The owner of the St. Charles Hotel in Cortland said Thursday he will work to fix the problem of a painted shamrock filling the lane of a city street in front of the bar.
Tom Brown said he had seen the painting and believed it to be painted by an employee of the bar, although he couldn’t confirm that.
Brown said he was unaware of city policy created last summer banning the painting of streets.
“We’ll do our best to make sure nobody does it any more,” he said.
The city’s policy was enacted in the fall following differing city decisions on murals on two city streets.
Last summer, a Black Lives Matter mural was painted at Main and Court streets. Following that, a Back the Blue mural was proposed on Court Street in front of the Cortland Police Department and initially accepted before the Common Council voted against any street paintings until April 2021. The city also planned to remove the Black Lives Matter mural.

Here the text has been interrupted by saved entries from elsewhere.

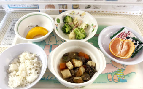 ■10時のおやつ もも缶 ■おひるごはん 麦ごはん 肉豆腐 カリフラワーとブロッコリーのサラダ ■3時のおやつ みかん クッキー
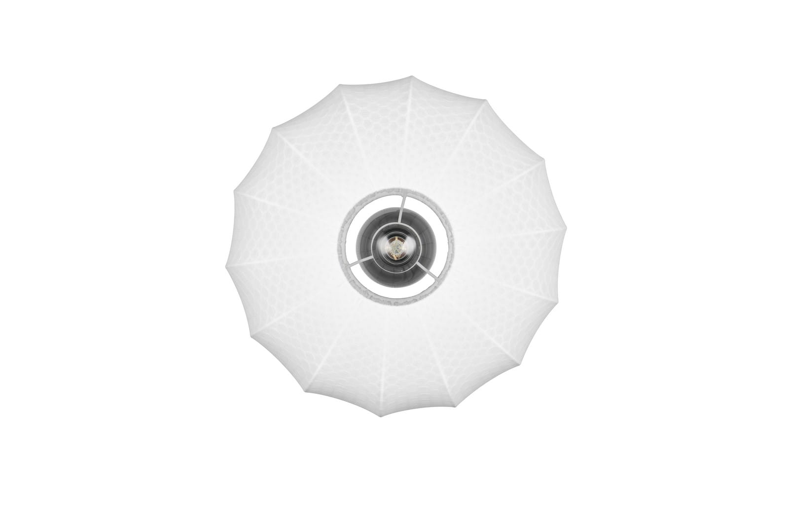 Metalowe elementy konstrukcyjne nadają lampie stabilność i elegancję, a czarna podsufitka doskonale kontrastuje z jasnym kloszem, podkreślając współczesny charakter projektu. Madelina to lampa, która nie tylko oświetla, ale również zdobi — doskonale odnajduje się we wnętrzach urządzonych w stylu japandi, boho, modern organic czy soft loft.
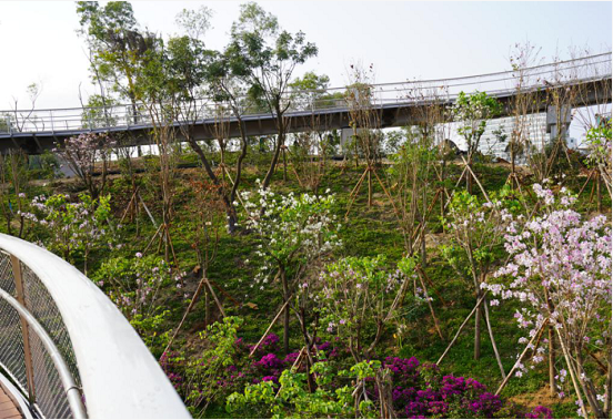 雞公山示范段采用中式園林設(shè)計(jì),山間水景,處處傾注匠心技藝,涓涓溪流順流而下,幽曲別致,信步棧道間。見(jiàn)水、聽(tīng)聲,卻不見(jiàn)石繞園林花樹,仿佛置身世外桃源。
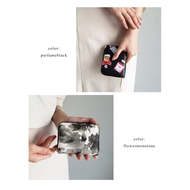 Giselle Wallet Mini Wallet, Card Case, Prevents Bills from Breaking, Large Capacity, Prevents Skimming, Size L: Flower mono/Flower monotone
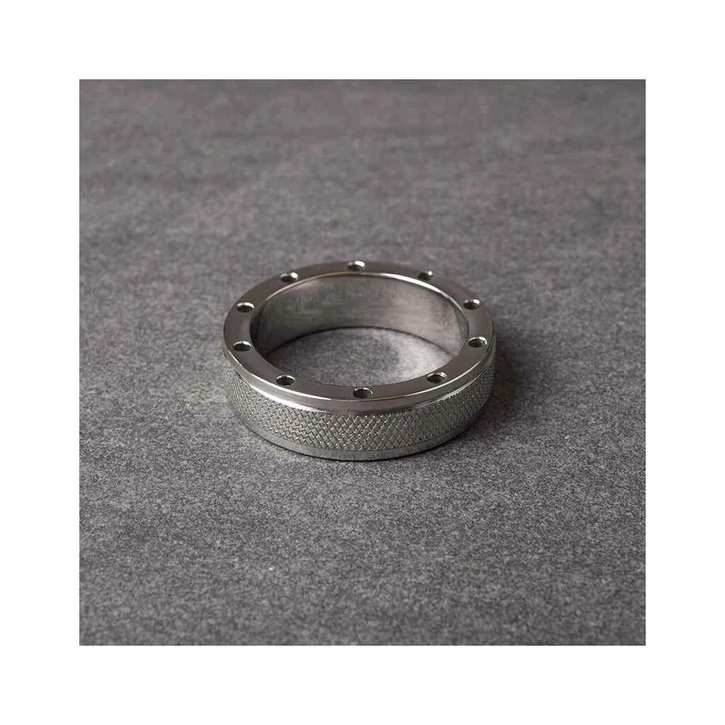 Dieser industriell aussehende Cockring ist sehr robust und hat ein spezielles Design mit einer stabilen Rippe, die ihm mehr Grip verleiht, und kleinen Löchern, die den Cockring leichter machen als seine Gegenstücke.
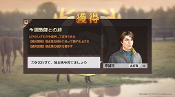 いくつかの絆コマンドは複数の効果を持つようになり,使用時に好きなもの1つを選べるようになっている。例えば「調教師との絆」なら「競走馬の調子を上げる」か「競走馬の疲労を癒す」。「現役牧場長との絆」なら「1歳幼駒のスピード育成度を上げる」か「種牡馬の評判を上げる」といった具合で,状況に合わせてどちらにも使える。つまり,1つの絆コマンドがプレイスタイルによって活用できるため,無駄がなくなったという印象だ。
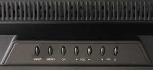 Все основные кнопки — их довольно много: целых семь штук — находятся на верхнем торце монитора, как у многих ЖК-телевизоров. Все кнопки имеют одинаковый размер и форму и размещены в ряд на равном расстоянии друг от друга.
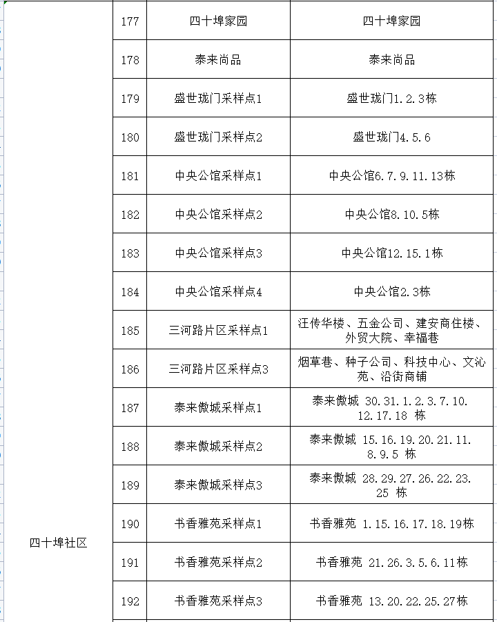 为全面做好应对突发疫情的各项准备工作,现将肥西县四十埠社区突发疫情时核酸检测采样点公示如下,请广大居民知悉,一旦发生疫情需要开展全员核酸检测时,请积极配合社区(村),主动到居住地相对应的采样点接受核酸采样工作,提前准备好核酸检测预登记码,戴好口罩、保持距离,快速有序地完成核酸采样工作,为更快发现并阻断疫情赢得时间。

At Tuesday’s Common Council meeting, Alderwoman Kathryn Silliman (D-2nd Ward) said she was “disappointed that the St. Charles Hotel went ahead and painted a shamrock in front of their establishment,” despite the city’s ruling.
She said she was notified by constituents about the painting on Central Avenue.
Cortland Mayor Brian Tobin said Wednesday he was unaware of the shamrock before Tuesday’s meeting but was working on the assumption that the painting wasn’t done out of malice, rather to celebrate St. Patrick’s Day.
He said the city would investigate and that he would look to work with the individuals involved to get into compliance.
Brown said the painting will fade fairly quickly, negating the need to remove the painting.
Brown is also the Democratic commissioner at the Cortland County Board of Elections.